Filter the entries below down to the lines that hold "Item".

DATA IN THIS EXERCISE Start Marker

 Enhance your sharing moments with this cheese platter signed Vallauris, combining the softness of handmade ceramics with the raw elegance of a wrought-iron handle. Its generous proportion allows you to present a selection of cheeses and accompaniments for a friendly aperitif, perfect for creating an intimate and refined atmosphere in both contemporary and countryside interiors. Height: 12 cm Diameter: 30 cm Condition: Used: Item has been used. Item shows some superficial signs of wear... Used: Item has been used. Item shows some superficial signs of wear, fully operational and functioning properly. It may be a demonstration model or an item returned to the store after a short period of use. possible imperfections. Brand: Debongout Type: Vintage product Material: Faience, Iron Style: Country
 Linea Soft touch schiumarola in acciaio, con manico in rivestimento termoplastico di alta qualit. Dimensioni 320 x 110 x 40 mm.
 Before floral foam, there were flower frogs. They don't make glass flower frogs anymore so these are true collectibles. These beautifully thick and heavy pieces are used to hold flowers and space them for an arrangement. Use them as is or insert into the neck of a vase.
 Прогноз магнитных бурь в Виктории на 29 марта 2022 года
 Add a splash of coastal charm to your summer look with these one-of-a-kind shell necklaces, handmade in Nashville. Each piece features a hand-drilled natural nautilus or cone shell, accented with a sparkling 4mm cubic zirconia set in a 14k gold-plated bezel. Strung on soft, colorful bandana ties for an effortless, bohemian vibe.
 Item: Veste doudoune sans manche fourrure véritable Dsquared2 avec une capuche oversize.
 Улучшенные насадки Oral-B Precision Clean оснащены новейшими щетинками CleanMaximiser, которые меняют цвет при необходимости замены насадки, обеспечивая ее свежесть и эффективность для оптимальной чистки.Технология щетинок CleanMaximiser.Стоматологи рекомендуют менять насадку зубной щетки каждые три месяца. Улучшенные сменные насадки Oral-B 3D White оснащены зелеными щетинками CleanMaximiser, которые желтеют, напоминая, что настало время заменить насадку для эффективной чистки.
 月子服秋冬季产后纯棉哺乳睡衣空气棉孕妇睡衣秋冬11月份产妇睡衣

DATA IN THIS EXERCISE End Marker

* [YOUR RESPONSE]:
 Enhance your sharing moments with this cheese platter signed Vallauris, combining the softness of handmade ceramics with the raw elegance of a wrought-iron handle. Its generous proportion allows you to present a selection of cheeses and accompaniments for a friendly aperitif, perfect for creating an intimate and refined atmosphere in both contemporary and countryside interiors. Height: 12 cm Diameter: 30 cm Condition: Used: Item has been used. Item shows some superficial signs of wear... Used: Item has been used. Item shows some superficial signs of wear, fully operational and functioning properly. It may be a demonstration model or an item returned to the store after a short period of use. possible imperfections. Brand: Debongout Type: Vintage product Material: Faience, Iron Style: Country
 Item: Veste doudoune sans manche fourrure véritable Dsquared2 avec une capuche oversize.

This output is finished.